EPA Science Matters Newsletter: Working with Navajo Nation for Cleaner, Healthier Heat
Published October 2014
EPA researchers and partners are teaming up to explore how to improve indoor air and health for Navajo Nation.
Seemingly infinite rows of power lines form a grid in the sky over Shiprock, New Mexico, carrying electricity from two coal-fired power plants on Navajo lands to the bright lights of Las Vegas and the sunny streets of Phoenix and Los Angeles. But below the tangle of wires, approximately one-fourth of Navajo households do not have electricity.
Only 25% of Navajo households use electricity for heat. Another 11% use bottled or utility gas. Most burn wood and coal in indoor stoves. And while the latter mentioned solid fuels get the immediate job done—providing adequate heat in the face of below-freezing winter temperatures—their use can also lead to unhealthy air and a host of associated health risks.
A 2010 study by the U.S. Geological Survey (USGS) and Diné College, a local institution chartered by the Navajo Nation, found that more than three quarters of homes surveyed used stoves for heating and around one quarter of households burned coal for heat in stoves not specifically designed for the fuel. In addition, more than a quarter of stoves were ten or more years old, and many were vented improperly and had visible cracks in the chimneys. Some homes had stoves that were not vented to a chimney at all.
These conditions can contribute to adverse health impacts in a population facing striking health disparities. The USGS/Dine College study found that households using coal for heat had average indoor levels of fine particulate pollution (PM2.5) that exceed outdoor air quality standards. The study also found that Shiprock residents have more than five times the risk for respiratory disease (such as asthma, bronchitis, and pneumonia) than residents of 76 surrounding areas.
To address the health concerns raised by the 2010 study, EPA researchers Kathleen Stewart and Paul Solomon are working with partners from Diné College and the University of Colorado to determine the most feasible ways to reduce public health impacts from residential heating practices on the Navajo Nation.
The goal is to eventually minimize exposure to coal and wood smoke and reduce levels of indoor air pollution. Study results will provide the Navajo Nation with recommendations for the best alternatives to current practices to reduce indoor air pollution and improve public health in the area.
“We’re looking at all the options to figure out what is available, culturally acceptable, and economically feasible,” says Stewart, a principal investigator who submitted the research proposal for including the work in the Agency’s Regional Applied Research Effort (RARE) program.
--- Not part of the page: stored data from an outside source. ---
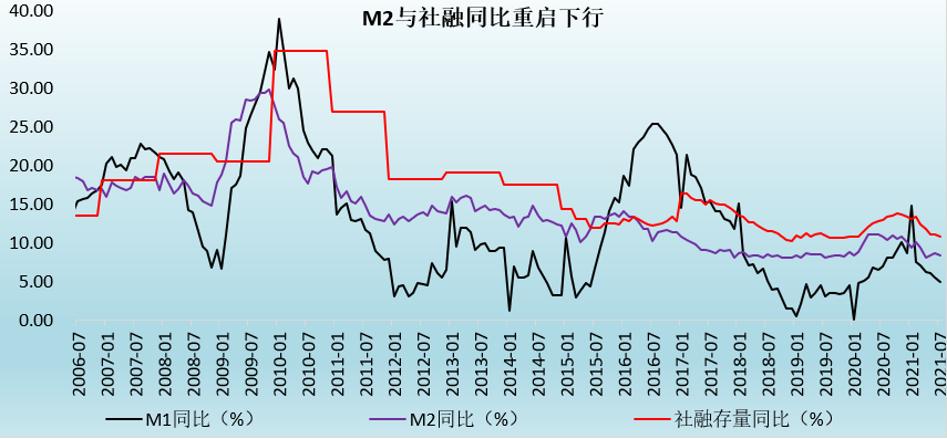 雖然M1、M2與社融同比已經回落到潛在經濟增速附近,且后續財政政策發力以及政府債券發行節奏加快雖可以在一定程度上支撐社融,但監管環境仍趨嚴的背景下,地產調控節奏很難有明顯變化,居民中長期貸款改善空間不大,預計實體經濟融資需求亦將繼續處于弱勢、難有明顯改善,基于此判斷后續幾個月社融收縮態勢仍將延續。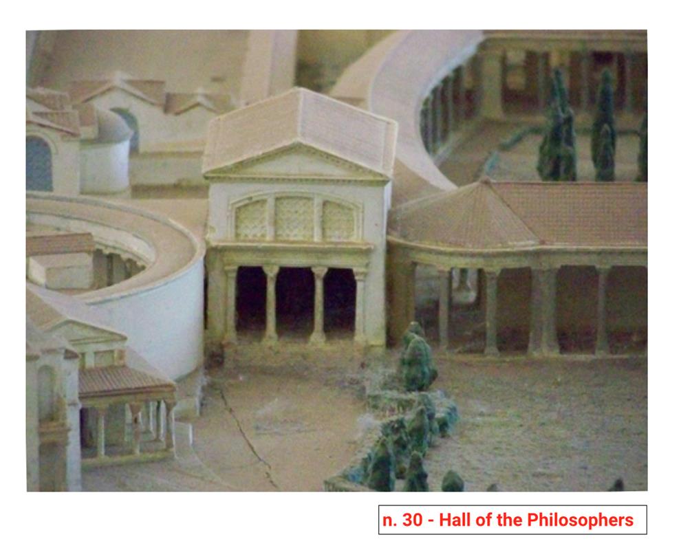Traditionally the Hall of the Philosophers is believed to have been a library, and the seven niches were cabinets for books and manuscripts. Their height of m. 1.60 from the ground denies this hypothesis because they would have been difficult to access; in the niches there are the imprints of the marble slabs on the mortar and no signs of shelves.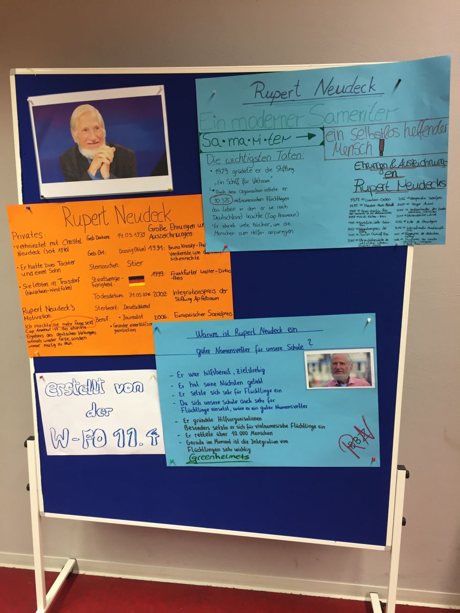 Es ist so weit: Die Vorschläge zur Erweiterung des Namensprojekts stehen fest. Die Klassen bzw. Kurse, die sich daran beteiligt haben, eine Persönlichkeit für die Erweiterung des Schulnamens vorzuschlagen, sind zu einem Ergebnis gekommen und präsentieren seit Montag, 12.12.2016, ihre Vorschläge in der Pausenhalle am Standort Waldstraße und im großen Pausenraum am Standort Von-Boch-Straße. Es gibt vier Vorschläge: Rupert Neudeck, Wilhelm von Humboldt, Georg Christoph Lichtenberg und Oswald von Nell-Breuning. Im Februar soll es dann zu der Abstimmung über die Namensvorschläge kommen. Diese geheime Abstimmung soll über die Klassenlehrer in den Klassen erfolgen (Wahlzettel und Listen hierzu werden erarbeitet). Innerhalb der einzelnen Klassen entscheidet die Mehrheit darüber, für welchen Namen die jeweilige Klasse stimmt, sodass der präferierte Name durch die Klassenlehrer weitergegeben wird. Die Mitglieder des Kollegiums können ihre Stimme gesondert an den dafür vorgesehenen Wahlboxen im Lehrerzimmer abgeben. Man darf gespannt sein, welchen erweiterten Namen das BBZ Merzig zukünftig tragen wird. |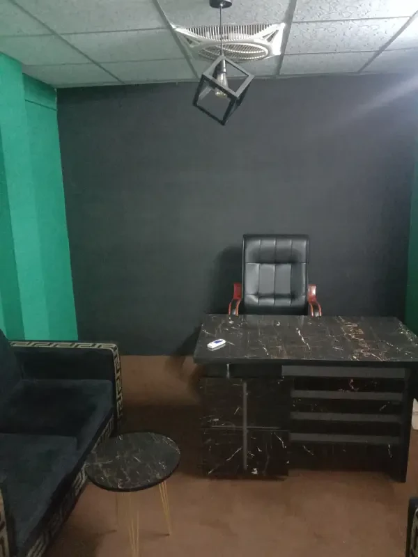 A fully furnished VIP office with reception, executive room, meeting room, and 10 workstations. Equipped with air conditioning, high-speed internet, backup generator, CCTV security, and furniture & fixtures.
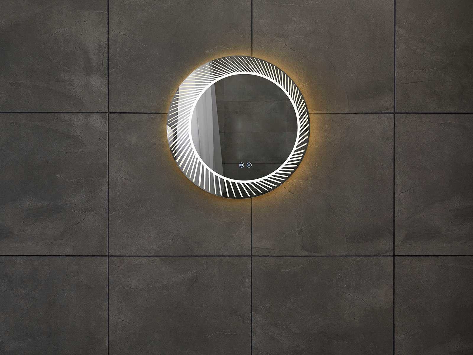 Keuze uit diverse diameters: 60,80,100cm (keuze graag doorgeven op de afhaaldag), verwarming, bediening one-touch, verlichting rondom aan de achterkant met 3 verstelbare kleuren led 3000/4500/6000k led-dioden(dimbaar) (geel/blauw/wit licht), 220volt stekker(plug and play), glas 1.5mm kopervrij met explosion-proof laag Merk: Mawialux Model: Imelda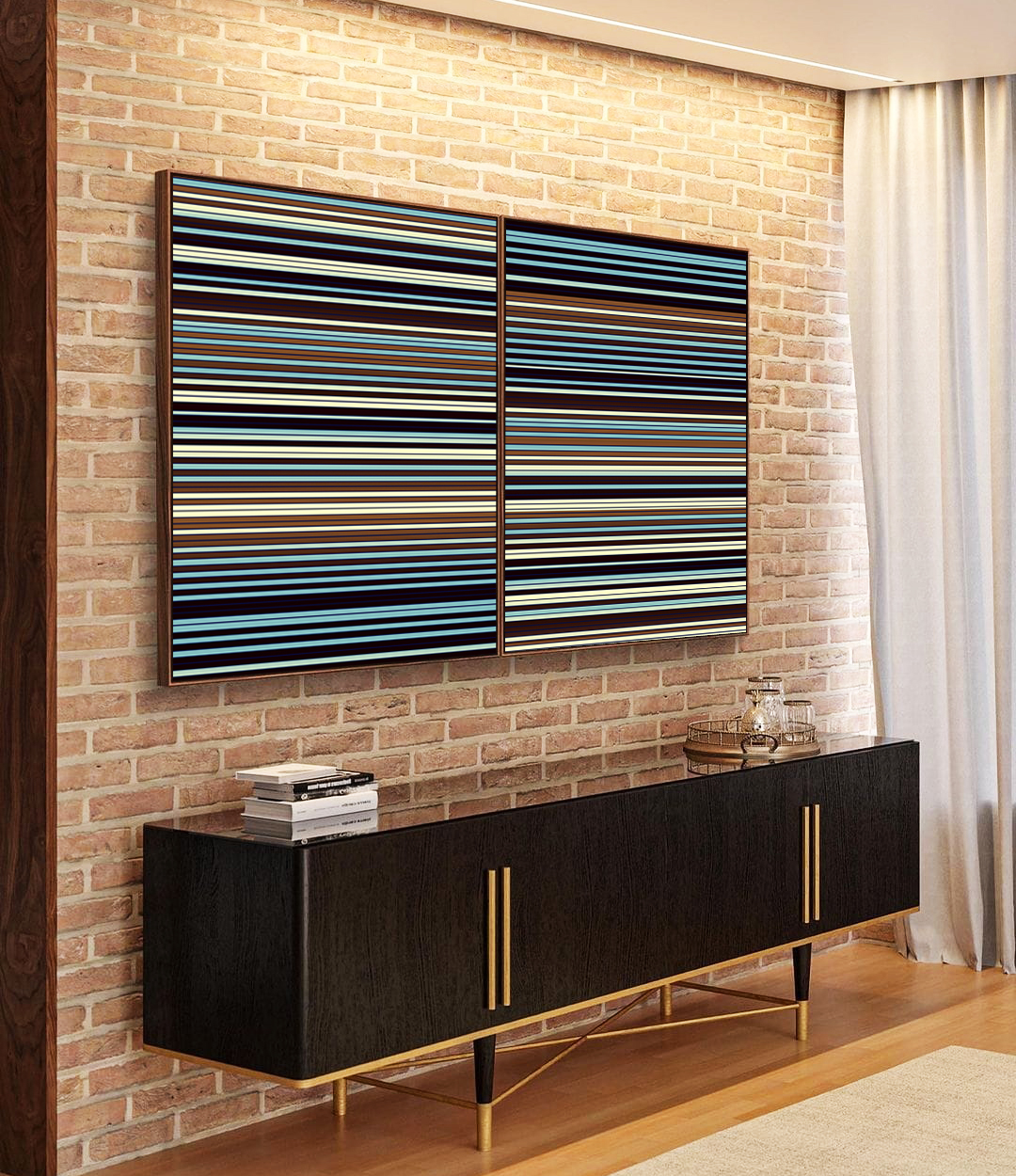 Com listras em degradê e contraste suave entre azul e marrom, este Duo de Quadros abstrato transmite equilíbrio e personalidade. Ideal para salas amplas, escritórios ou halls de entrada, ele transforma o ambiente com sofisticação e modernidade.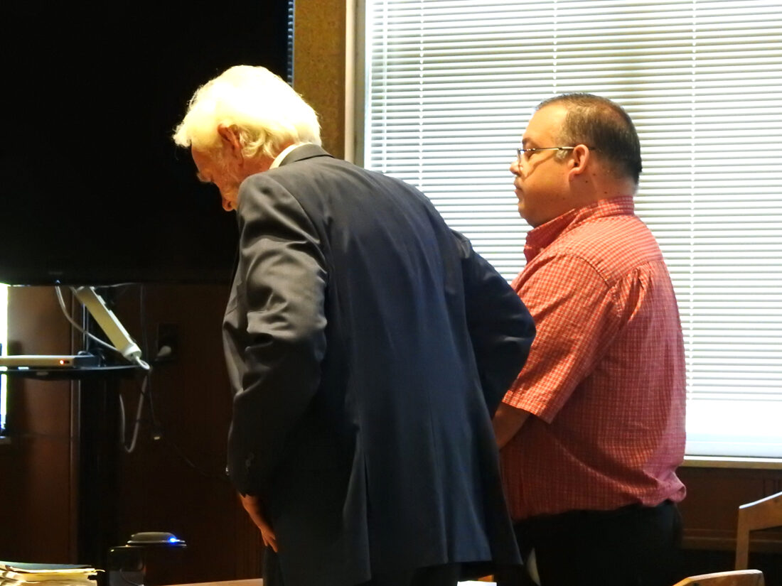 News Photo by Julie Riddle Bradley Avery, right, and attorney Dan White listen as jurors hand down a guilty verdict in Alpena’s 26th Circuit Court on Thursday.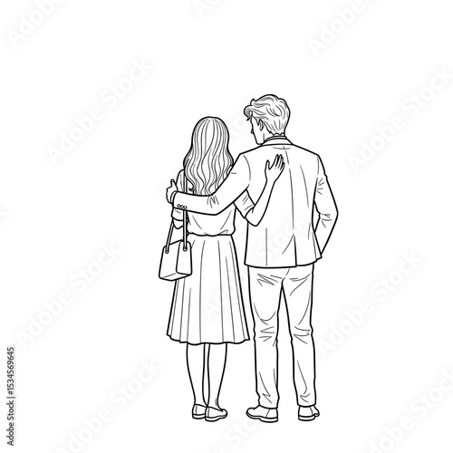 © Albina, Fototapeta premium Couple standing together, embracing each other from behind with a loving posture

The RARE program funds and supports research partnerships between Agency scientists and local officials to target high-impact, high-priority research needs.
“A crucial portion of the project is collaboration with Diné College’s Environmental and Policy Institutes. For this project to be successful in identifying appropriate alternatives, it is critical that we understand, respect, and work in harmony with the cultural landscape,” says Stewart. “This project would not be possible without the leadership and technical and cultural knowledge of Dine College professors Perry Charley, Avery Denny, and Barbara Klein.”
There are many factors that contribute to how Shiprock residents choose to heat their homes, including spiritual and philosophical beliefs. Wood and coal are the cheapest types of fuel available locally, with many families receiving free, relatively low-grade coal as a result of an historic mining lease agreement. And with an average winter temperature of 19° F, requiring round-the-clock burning, a lot of fuel is consumed.
Many homes burn wood during the day, then switch to coal at night because it burns much slower. Because few stoves are made to burn both types of fuel, the switch can raise indoor air pollution levels and pose other safety threats.
“It can be a real health and fire hazard to burn the wrong type of fuel in a stove. Coal and wood burn in fundamentally different ways and require different stove designs. It can be especially dangerous to burn coal in a wood stove. Coal burns so much hotter than wood that the fire can burn through the metal in the stove if it isn’t thick enough,” explains Stewart. “Burning wood in a coal stove isn’t a great solution either, as it doesn’t burn efficiently under that design.”
The options the researchers have explored so far include inexpensive, temporary fixes such as improving the ventilation on existing stoves and more ambitious and longer-lasting improvements based on alternative fuels and technologies.
One of the more promising longer-term improvements under examination is passive solar technology. The plan is based on work from Professor Lupita Montoya at the University of Colorado, who was doing comparable research in the Peruvian highlands, a climate similar to that in Shiprock. Work from the Diné Policy Institute also shows that passive solar technology aligns with traditional local teachings of building according to the Sun.
Another, but more expensive, option is to model stove replacement programs where residents would replace their old stoves with newer, cleaner-burning coal, wood, or “combo” stoves, or with gas appliances. Woodstove change-out programs have been successful in Libby, MT, and elsewhere but are costly and would require funding from a large corporation or philanthropic organization.
Stewart is optimistic that the project will not only provide science and information to help Shiprock and other Navajo families improve their home’s indoor air quality, but also will draw support and resources to help fund indoor air quality improvements for Navajo and other Native American families. “My hope is that the project helps raise awareness and that it will help inspire people and organizations to act and to pitch in.”